I know that scheduling and the logistics of what workshops take place when and which sessions take place when is extremely difficult.  But I would urge the organizing committee and the chair and the secretariat, with the stakeholders, to think about ways to have less conflict with main sessions and workshops throughout the schedule of the IGF.
I don't have a particular solution for that right now.  But I'd be happy to help work on that to try to find ways to bring as many people into the room for conversations just like this, not only about logistics, such as my comment, but also about the substance, because there is really rich, robust substance.  And I think even from IGF to IGF, the discussion in a room like this has become very mature, very rich, and civil.
So thank you.  And I look forward to working with you.

>>NITIN DESAI:   Did you want the floor, the lady from Brazil who spoke about remote participation?  Did you want the floor?  No.
Can I have -- can you pass the mike to the gentleman there, please.  Then it will come to you in a moment.

>>ANDREW MILLER:  Thank you, Mr. Desai.  
I'm Andrew Miller, member of the British parliament.  Although I've been involved in technology issues and the way they impact upon people ever since I've been a member of parliament, for 16 years, this is my first IGF.
And I echo the observation by the gentleman who spoke earlier from the University of Aarhus in Denmark.  One of the richnesses of this forum is the way it brings together people who would normally operate in silos.
I think that's incredibly valuable.  And one of the things I've got out of this event is being able to mix with people from different parts of the stakeholder community seamlessly.  And I think that is incredibly valuable.  And that's something that the IGF should continue to develop.
I share the view that was just expressed.  It was a very crowded space.  It was like going into a restaurant with too many choices on the menu almost.  I found myself torn between one workshop and another.  And at one stage, I even noticed that one of the presenters was speaking simultaneously in two separate events.
So I think the space is crowded and we do need a little bit of work done on how to time-table some of the events to get the best out of the expertise that's gathered together here today.
Just a couple of points, just to reinforce the point that my colleague Margaret made about engaging with young people.  I was privileged to run an event like that, not to do with the Internet, but using the Internet, bringing together a school in Budapest and a school in London, using an expert moderator.  It was actually on the subject of the 50th anniversary of the Hungarian uprising.  And it was a very emotional event.  And those children got a huge amount out of listening to the expert speeches and then contributing in a dialogue afterwards.
We can learn lessons from that sort of thing.  It has been used in the Internet space many times before.  And perhaps the IGF in Egypt can consider that kind of vehicle.
Now, the first panelist this afternoon used one word that nobody's commented on.  That was the media.
The media is changing in this seamless, mobile world that we live in.  And it is changing quite fundamentally.  We see news broadcasts going live that are pieces of film that have come out of somebody's mobile telephone and impacting upon our lives instantly without any interpretation from professional journalists.  We see new forms of media emerging every day almost.  It's a rapidly changing space and is fundamentally changing the world of the media.  And, therefore, I think it may be of benefit to consider having a stream that examines that part of the work, not just journalists themselves, but the journalists mixing with technologists, with civil society, to look at this changing world of the media in the mobile age we live in.
Ms.

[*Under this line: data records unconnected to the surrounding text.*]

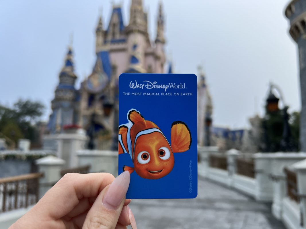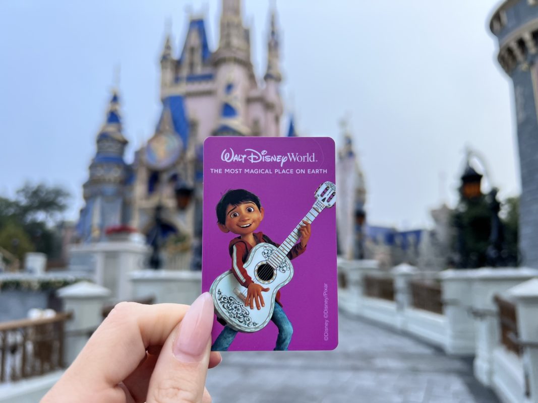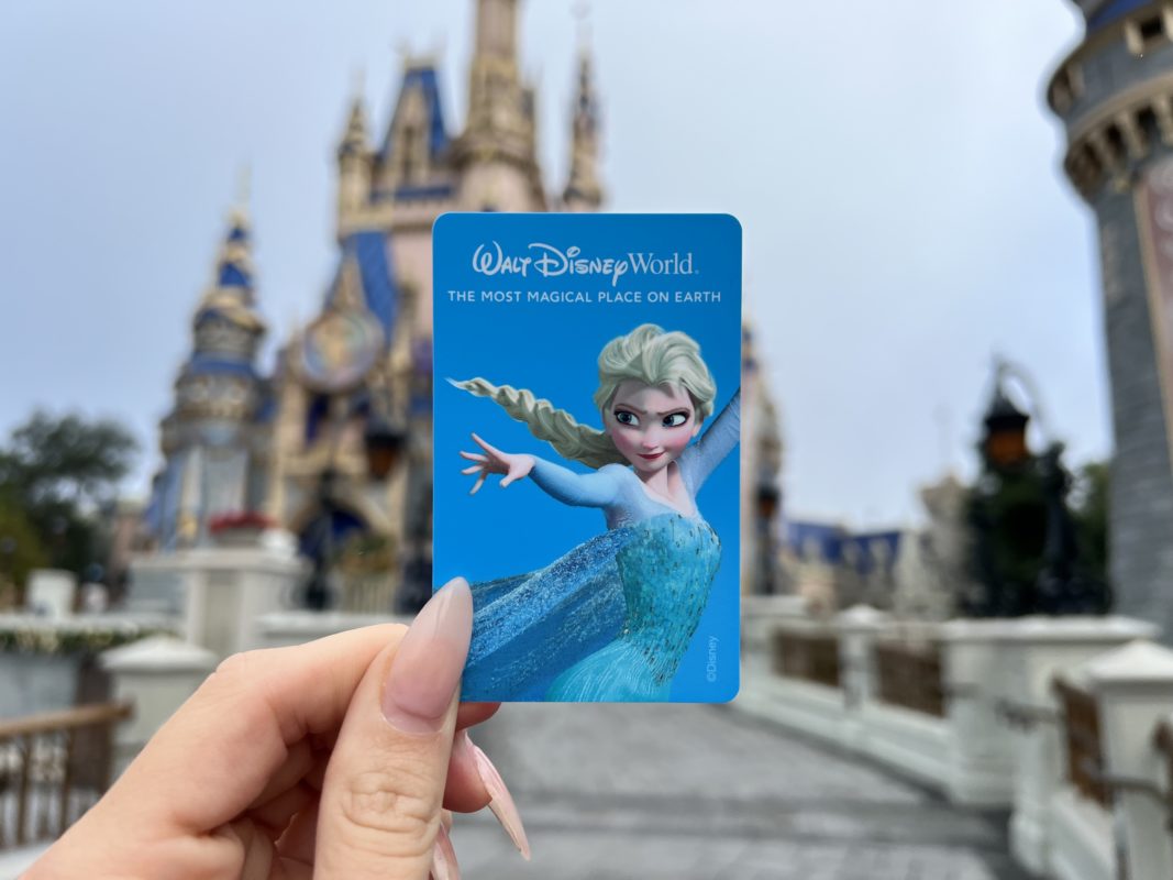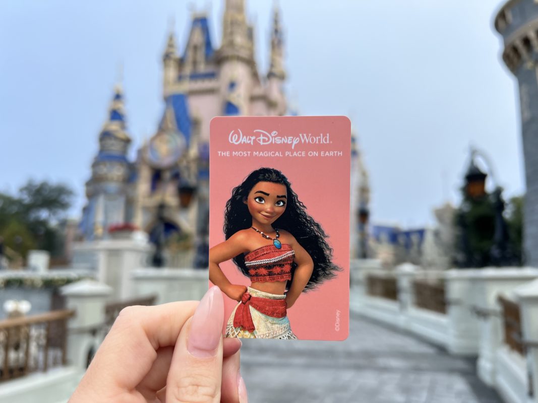 The new designs have solid colored backgrounds, with “Walt Disney World” and “The Most Magical Place on Earth” in white at the top. These are being given to guests at the parks, and we assume also being used for Key to the World cards for resort guests.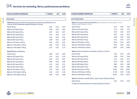 Tarifas Correos 2023. Andorra. correos.es 28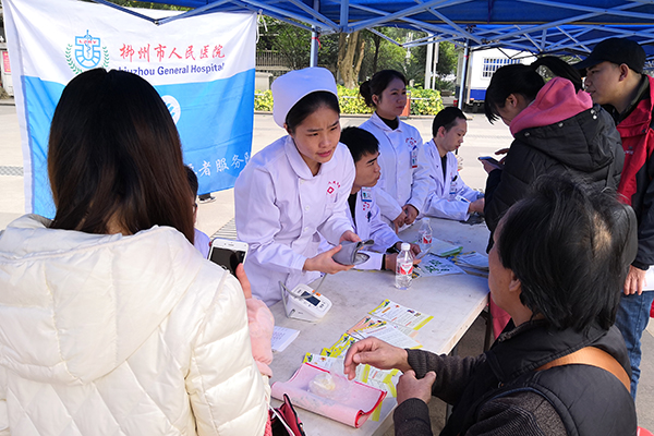 1月26日上午,醫院團委、醫務社工部組織住培團支部、兒科、婦科的5名志愿者,參加了由市委文明辦在市人民廣場舉辦的柳州市“我們的節日?春節”2019年新時代文明實踐活動,為廣大群眾提供免費的健康義診服務。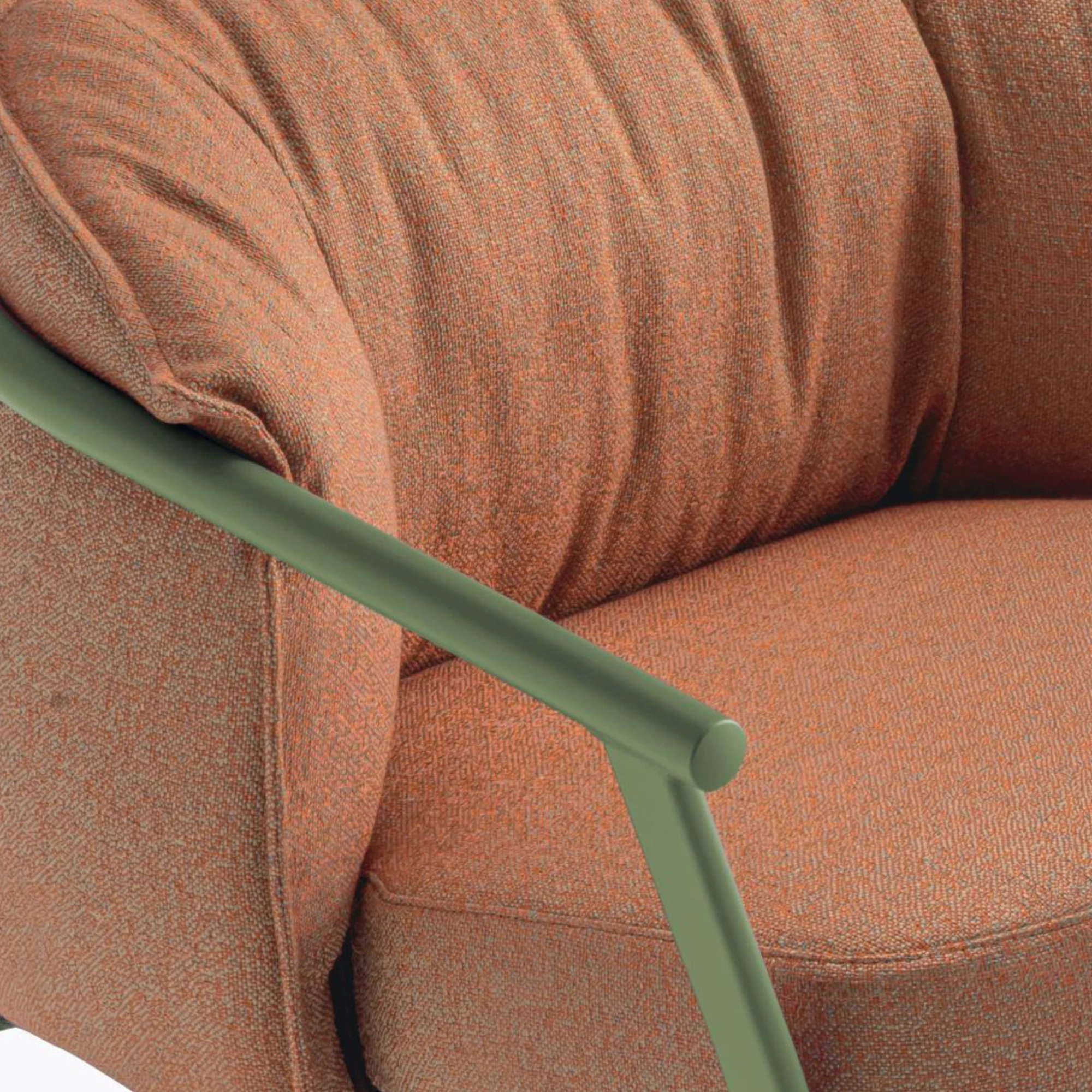 O canapea cu două locuri pentru exterior, construit în jurul unui contrast fermecător: o structură sobră, atent definită, îmbrățișând o pernă moale, generoasă și profund confortabilă. Structura din aluminiu extrudat, cu picioare ovale sudate armonios de cotierele rotunjite, creează o siluetă stabilă și rafinată.

Desai, I, too, share the views of many other speakers that this, I think, has been a superb conference.  And congratulations to the organizers, and particularly to our hosts here in India.
Thank you.
[ Applause ]

>>NITIN DESAI:   Gentleman there, and then there is another gentleman out there in the back.
Can we get the mike to him, please.

>>:As an Indian, I would like to thank the people who have come here from all over the world to participate in this IGF, and by participating, you express your solidarity and friendship with the people in India in contrast to the tragic incidents that happened in Mumbai just before the IGF.
I think the feeling across the whole IGF has been quite strong that the IGF is a unique experiment in multistakeholder governance and that three years is too short a period of time to come to a conclusion about whether that's the way to go or not.
And, therefore, the exercise next year more in terms of assessing to figure out what we can do to make it more effective, whether it should be an evaluation or something is a question that I have for myself.
But, obviously, there are things that we can do to make it even more effective.  And I have a specific suggestion to make in that regard.  The suggestion is also discussed in quite a few workshops and the main sessions here as well.
Which is that the IGF is a once in a year kind of forum.  People meet here for four days.  There's enough time to listen to one another but not enough time to come to some kind of reasonable consensus on the issues we face.  One gentleman mentioned you have data sharing happening one place and data privacy in another and there isn't enough time to put it together.
And I think that perhaps we need to move from an institution-based focus which we have been seeming to have in the IGFs, for example, we discuss is ICANN the right body, is ITU a better body?  But maybe we need to move from that to issue-based focus, where we pick up an issue like data privacy and data sharing.  And then you have a group of people spending considerable amount of time discussing pros and cons.  And this, of course, would be a multistakeholder group that will go into it.
We have a very excellent example of this that happened as a part of the WSIS process, which is the working group on Internet governance that was chaired by yourself.  And I think the document that this group came out with was considered (inaudible) diverse opinions of various people at the same time, because it gave some kind of direction to Tunis.  And I think between now and Cairo and Cairo and the last IGF, if we can set up specific working groups on identified issues, I think we will be able to make significant progress.
One issue I would like to suggest, and that is, again, coming from discussions that have happened in various workshops, we just look at a rights-based framework for Internet governance.  And people have said that if inclusion is what we should focus on, if inclusive information society is what the declaration of principles called for, the next billion is maybe not the right term.  We're looking at the last billion, we're looking at everybody.  And I think this allows us to address some concerns that people have raised.  Why are we seeing more people here, more people from the civil society here.  When we start talking in terms of making sure that the last woman and I'm sure the last person will be a woman and not the man, so maybe we should change the term -- the last person who will get connected is the person we should be focusing on.  I'm sure you will find more from Africa, Latin America, and various countries and Asia.  I was very surprised that in India, the civil society movement is extremely strong.  It's very thriving and vibrant.  We hardly see any here, including, you know, Hyderabad is a place where there are so many organizations.  So I think by changing the emphasis, by bringing issues that are of concern to various people in humanity into the discussions here and giving people sufficient time to start listening and start trying to work out issues like (inaudible), it will make the IGF far more effective than we have it today.  Thank you.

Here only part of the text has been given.